Se volvió, perdido en su propio sueño-infierno atemporal. Por primera vez escuché la música de otro tiempo que salía de una radio a transistores barata, que estaba en el suelo junto a su sillón. La mala caja de plástico reverberaba con la estática. La reproducción del sonido era atroz, la música tenía la cualidad fangosa de unas notas que hubieran sido filtradas a través de un kilómetro de barro. Rafael tenía la cabeza echada hacia atrás, estaba en éxtasis. Para él era como si el Coro Celestial le estuviera trasmitiendo directamente a sus lóbulos temporales.
– Rafael -sonrió ella.
Él la miró, sonrió, asintió con la cabeza y ya estuvo ido. Se lo quedó mirando, con lágrimas en los ojos. Me moví hacia ella y se apartó, airada y avergonzada.
– Maldita sea.
– ¿Cuánto tiempo hace que se pincha?
– Años, pero pensé que lo había dejado. La última noticia que tuve era de que lo había dejado -alzó la mano hacia su boca, se tambaleó como si se fuera a caer. Yo me coloqué para cogerla, pero ella se afianzó-. Se quedó colgado en el Vietnam. Volvió a casa con una adicción muy fuerte. Elena empleó montones de horas y de dinero para tratar de ayudarle a salir de eso. Lo intentó una docena de veces, pero cada vez volvía a caer de nuevo. Pero ahora ya llevaba un año sin pincharse, y Elena estaba muy contenta. Incluso había conseguido un trabajo para hacer paquetes en Lucky's, en Alvarado.

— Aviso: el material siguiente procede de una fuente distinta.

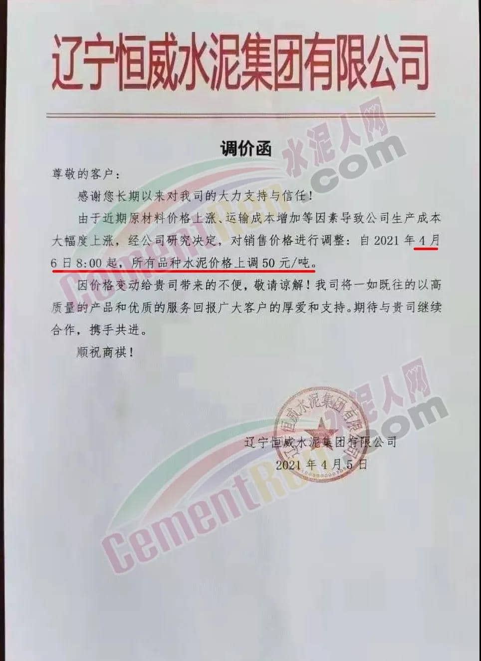 遼寧恒威水泥集團通知,由于近期原材料價格上漲,運輸成本增加等因素導致公司生產成本大幅度上漲,經公司研究決定,對銷售價格進行調整,自4月6日8時起,所有品種水泥價格上調50元/噸。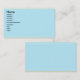 A pretty blue business card to pass out. Dont't forget to fill it out!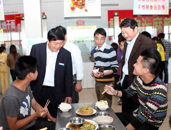 蔡书记先后到各个就餐窗口、后厨操作间进行仔细查看,并与用餐同学亲切交谈,仔细询问他们对饭菜质量、价格的意见。当看到学生餐厅卫生环境良好、饭菜花色品种多样、学生就餐秩序井然,蔡书记露出了满意的笑容。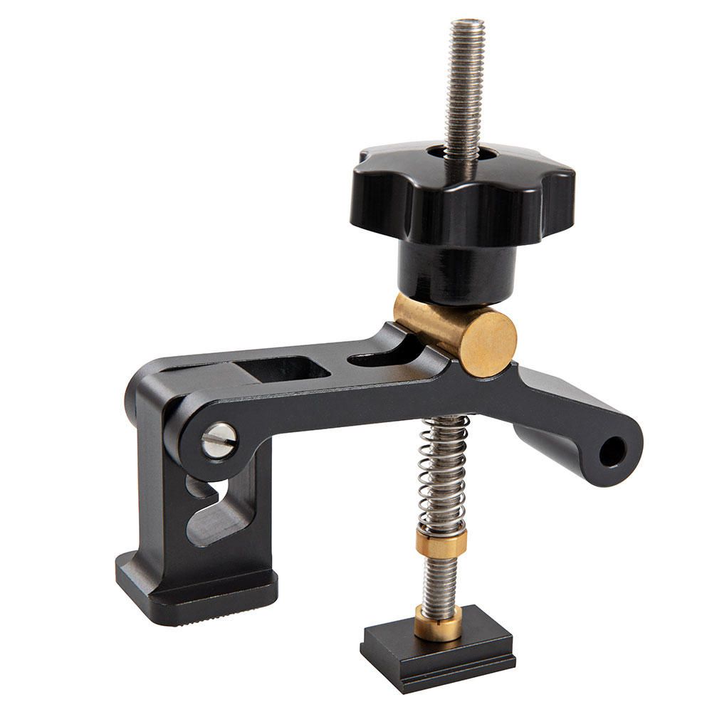 Posizionamento: non solo i pezzi devono essere posizionati ad Angolo retto o a distanza esatta, ma anche le guide o altri Accessori devono essere posizionati con precisione per la foratura, la Scies o la fresatura. Cani da banco, perni, supporti per guide ecc. contribuiscono a questo scopo. Questo facilita il lavoro, soprattutto per le produzioni in serie e per i lavori in rapida successione.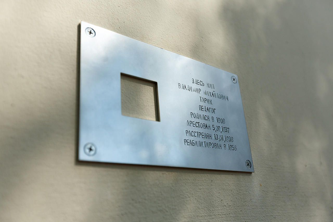 The decision to consent to the memorial plaque was made at the building’s house council. Vladislav Tarik collected the signatures himself. He says the most difficult and unpleasant step in the overall process, however, was getting the necessary permits from local officials. The house of the old Bolsheviks, where Tarik’s father was arrested, is now a recognized cultural heritage site, which means that hanging anything outside the building requires additional permits from regional and city security agencies.

Se enfrentó a mí, con las aletas de su nariz vibrando, los ojos flotando como lirios negros en un estanque salado, los labios temblando como cuerdas de un arpa.

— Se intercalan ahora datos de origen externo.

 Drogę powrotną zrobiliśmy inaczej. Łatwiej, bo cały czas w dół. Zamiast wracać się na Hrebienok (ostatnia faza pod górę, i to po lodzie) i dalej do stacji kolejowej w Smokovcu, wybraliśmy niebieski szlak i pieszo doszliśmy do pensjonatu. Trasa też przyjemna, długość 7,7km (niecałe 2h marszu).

– Todo se está viniendo abajo.
Se agarró el poste del porche para sostenerse. Yo me puse tras ella.
– Lo siento.
– Siempre fue el más sensible. Silencioso, nunca tenía citas con chicas, no tenía amigos. Le pegaban muchas palizas. Cuando su padre murió, trató de hacerse cargo, de ser el hombre de la casa. La tradición dice que debe de hacerlo el hermano mayor. Pero no funcionó, nadie le tomaba en serio. Se reían de él. Todos lo hacíamos. Así que lo dejó correr, como si hubiera fallado en algún tipo de examen final. Dejó de ir a la escuela, se quedaba en casa y leía cómics o miraba la televisión todo el día… se limitaba a mirar a la pantalla. Cuando el Ejército dijo que lo necesitaba, pareció contento. Cruz lloró al verlo marcharse, pero él era feliz…

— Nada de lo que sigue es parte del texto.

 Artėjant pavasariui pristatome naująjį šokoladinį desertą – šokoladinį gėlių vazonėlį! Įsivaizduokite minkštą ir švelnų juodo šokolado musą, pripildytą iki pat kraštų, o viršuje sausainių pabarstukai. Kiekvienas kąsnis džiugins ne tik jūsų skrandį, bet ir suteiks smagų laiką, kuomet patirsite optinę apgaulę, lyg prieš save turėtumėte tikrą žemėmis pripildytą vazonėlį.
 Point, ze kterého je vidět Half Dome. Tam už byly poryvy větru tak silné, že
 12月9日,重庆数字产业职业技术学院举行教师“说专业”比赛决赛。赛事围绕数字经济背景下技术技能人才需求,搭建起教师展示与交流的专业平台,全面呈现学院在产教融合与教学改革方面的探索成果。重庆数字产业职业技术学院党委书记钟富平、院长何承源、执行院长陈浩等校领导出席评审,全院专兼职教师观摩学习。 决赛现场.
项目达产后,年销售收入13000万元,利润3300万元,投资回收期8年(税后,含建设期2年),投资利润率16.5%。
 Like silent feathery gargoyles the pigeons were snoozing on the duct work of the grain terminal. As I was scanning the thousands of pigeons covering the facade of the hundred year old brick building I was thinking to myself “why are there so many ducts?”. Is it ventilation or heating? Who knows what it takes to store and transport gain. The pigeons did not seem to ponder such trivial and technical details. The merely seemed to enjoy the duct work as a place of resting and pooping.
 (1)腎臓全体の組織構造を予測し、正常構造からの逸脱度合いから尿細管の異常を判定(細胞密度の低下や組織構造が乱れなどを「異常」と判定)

Lo miré, sentado tan bajo que casi estaba paralelo al suelo. Tragado por el sueño de los drogotas, su boca estaba abierta y roncaba sonoramente. La radio tocaba la canción «Papaíto está en casa».
Raquel se atrevió a darle otra mirada y luego apartó la cabeza, disgustada. Tenía una expresión de noble sufrimiento, como la de una virgen azteca que estuviese haciendo acopio de valor para el sacrificio final.